### Action item
Once you find the line with "นายศิริเดช เอื้องอุดมสิน รองผู้จัดการใหญ่" in the entries below, return exactly every line from it through the line with "Микроскопическое отверстие в".

### Records supplied
┌────────

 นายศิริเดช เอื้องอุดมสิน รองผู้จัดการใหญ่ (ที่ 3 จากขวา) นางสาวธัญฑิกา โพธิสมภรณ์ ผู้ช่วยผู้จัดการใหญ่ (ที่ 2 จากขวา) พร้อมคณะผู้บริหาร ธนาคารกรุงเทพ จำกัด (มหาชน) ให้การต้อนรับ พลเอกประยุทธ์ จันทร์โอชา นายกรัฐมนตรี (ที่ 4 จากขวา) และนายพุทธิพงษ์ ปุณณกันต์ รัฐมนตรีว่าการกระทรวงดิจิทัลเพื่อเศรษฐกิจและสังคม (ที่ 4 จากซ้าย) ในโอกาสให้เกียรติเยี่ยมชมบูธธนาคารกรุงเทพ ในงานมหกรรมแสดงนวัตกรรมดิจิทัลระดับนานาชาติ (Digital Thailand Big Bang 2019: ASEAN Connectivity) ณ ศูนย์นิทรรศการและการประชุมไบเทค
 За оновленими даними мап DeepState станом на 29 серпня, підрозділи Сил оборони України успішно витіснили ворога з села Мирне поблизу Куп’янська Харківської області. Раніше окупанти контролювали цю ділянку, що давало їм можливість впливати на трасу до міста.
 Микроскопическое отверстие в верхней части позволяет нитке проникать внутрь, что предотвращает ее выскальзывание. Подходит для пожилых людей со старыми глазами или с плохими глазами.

└────────
┌────────

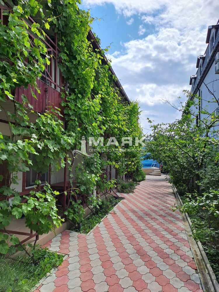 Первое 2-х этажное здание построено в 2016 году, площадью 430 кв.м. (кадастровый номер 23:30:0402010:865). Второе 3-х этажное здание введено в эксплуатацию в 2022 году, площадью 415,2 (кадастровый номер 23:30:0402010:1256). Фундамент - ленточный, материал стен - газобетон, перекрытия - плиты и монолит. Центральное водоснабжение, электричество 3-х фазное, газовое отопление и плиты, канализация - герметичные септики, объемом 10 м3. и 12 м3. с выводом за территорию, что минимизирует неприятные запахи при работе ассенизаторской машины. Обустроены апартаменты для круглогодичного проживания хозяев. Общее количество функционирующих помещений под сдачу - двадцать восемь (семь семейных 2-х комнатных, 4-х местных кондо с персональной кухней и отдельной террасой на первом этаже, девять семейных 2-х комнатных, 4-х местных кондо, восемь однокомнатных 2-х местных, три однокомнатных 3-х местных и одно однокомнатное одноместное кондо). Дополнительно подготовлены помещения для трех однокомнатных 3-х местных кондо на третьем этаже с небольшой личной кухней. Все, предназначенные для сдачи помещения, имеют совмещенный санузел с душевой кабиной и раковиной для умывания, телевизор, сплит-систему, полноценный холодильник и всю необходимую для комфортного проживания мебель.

└────────
┌────────

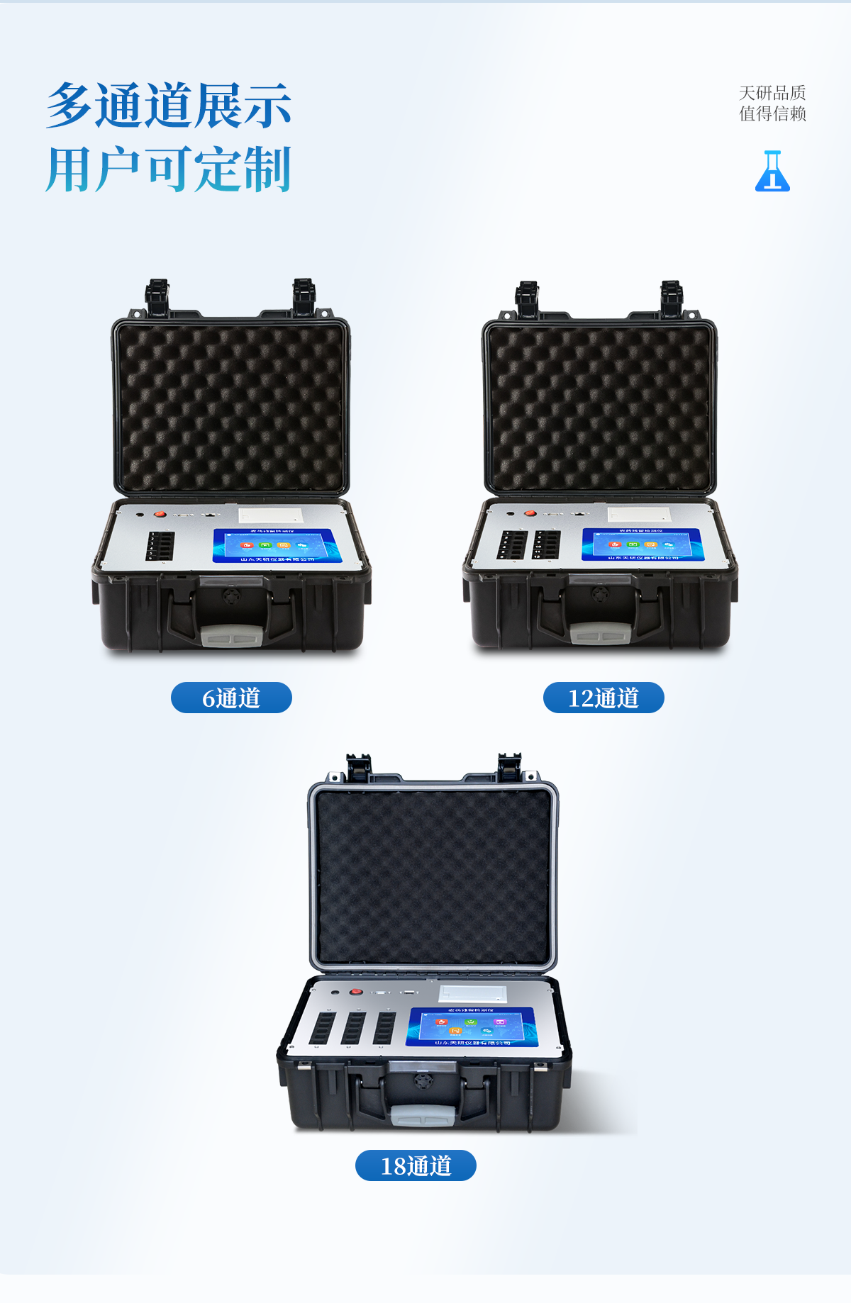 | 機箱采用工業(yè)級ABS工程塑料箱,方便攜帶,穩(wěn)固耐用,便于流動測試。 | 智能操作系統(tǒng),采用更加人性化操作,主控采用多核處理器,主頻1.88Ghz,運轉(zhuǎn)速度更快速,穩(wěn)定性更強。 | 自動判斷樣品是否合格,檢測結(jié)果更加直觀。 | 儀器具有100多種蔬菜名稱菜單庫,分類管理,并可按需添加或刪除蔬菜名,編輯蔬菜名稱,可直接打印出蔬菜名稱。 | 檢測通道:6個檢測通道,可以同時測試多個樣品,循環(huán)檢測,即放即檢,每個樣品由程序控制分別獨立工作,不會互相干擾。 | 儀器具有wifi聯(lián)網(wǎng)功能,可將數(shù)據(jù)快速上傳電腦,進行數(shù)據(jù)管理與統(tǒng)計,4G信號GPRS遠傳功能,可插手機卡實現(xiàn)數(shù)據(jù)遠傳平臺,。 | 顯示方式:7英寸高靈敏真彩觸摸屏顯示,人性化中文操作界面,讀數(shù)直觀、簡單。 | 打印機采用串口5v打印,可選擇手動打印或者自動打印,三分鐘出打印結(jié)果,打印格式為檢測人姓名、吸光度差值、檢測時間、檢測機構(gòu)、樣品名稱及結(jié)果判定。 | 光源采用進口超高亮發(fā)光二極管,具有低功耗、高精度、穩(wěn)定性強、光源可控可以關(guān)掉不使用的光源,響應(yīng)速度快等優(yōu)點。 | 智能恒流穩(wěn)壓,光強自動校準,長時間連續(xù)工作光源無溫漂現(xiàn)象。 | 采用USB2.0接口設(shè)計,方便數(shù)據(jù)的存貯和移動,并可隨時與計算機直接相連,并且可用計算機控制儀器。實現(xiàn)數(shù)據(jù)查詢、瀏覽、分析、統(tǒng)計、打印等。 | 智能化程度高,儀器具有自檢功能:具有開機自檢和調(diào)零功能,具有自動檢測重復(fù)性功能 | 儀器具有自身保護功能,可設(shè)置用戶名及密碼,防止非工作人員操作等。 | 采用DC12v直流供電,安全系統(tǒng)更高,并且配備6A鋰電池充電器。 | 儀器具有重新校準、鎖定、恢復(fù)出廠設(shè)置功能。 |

└────────

### Exercise result
 นายศิริเดช เอื้องอุดมสิน รองผู้จัดการใหญ่ (ที่ 3 จากขวา) นางสาวธัญฑิกา โพธิสมภรณ์ ผู้ช่วยผู้จัดการใหญ่ (ที่ 2 จากขวา) พร้อมคณะผู้บริหาร ธนาคารกรุงเทพ จำกัด (มหาชน) ให้การต้อนรับ พลเอกประยุทธ์ จันทร์โอชา นายกรัฐมนตรี (ที่ 4 จากขวา) และนายพุทธิพงษ์ ปุณณกันต์ รัฐมนตรีว่าการกระทรวงดิจิทัลเพื่อเศรษฐกิจและสังคม (ที่ 4 จากซ้าย) ในโอกาสให้เกียรติเยี่ยมชมบูธธนาคารกรุงเทพ ในงานมหกรรมแสดงนวัตกรรมดิจิทัลระดับนานาชาติ (Digital Thailand Big Bang 2019: ASEAN Connectivity) ณ ศูนย์นิทรรศการและการประชุมไบเทค
 За оновленими даними мап DeepState станом на 29 серпня, підрозділи Сил оборони України успішно витіснили ворога з села Мирне поблизу Куп’янська Харківської області. Раніше окупанти контролювали цю ділянку, що давало їм можливість впливати на трасу до міста.
 Микроскопическое отверстие в верхней части позволяет нитке проникать внутрь, что предотвращает ее выскальзывание. Подходит для пожилых людей со старыми глазами или с плохими глазами.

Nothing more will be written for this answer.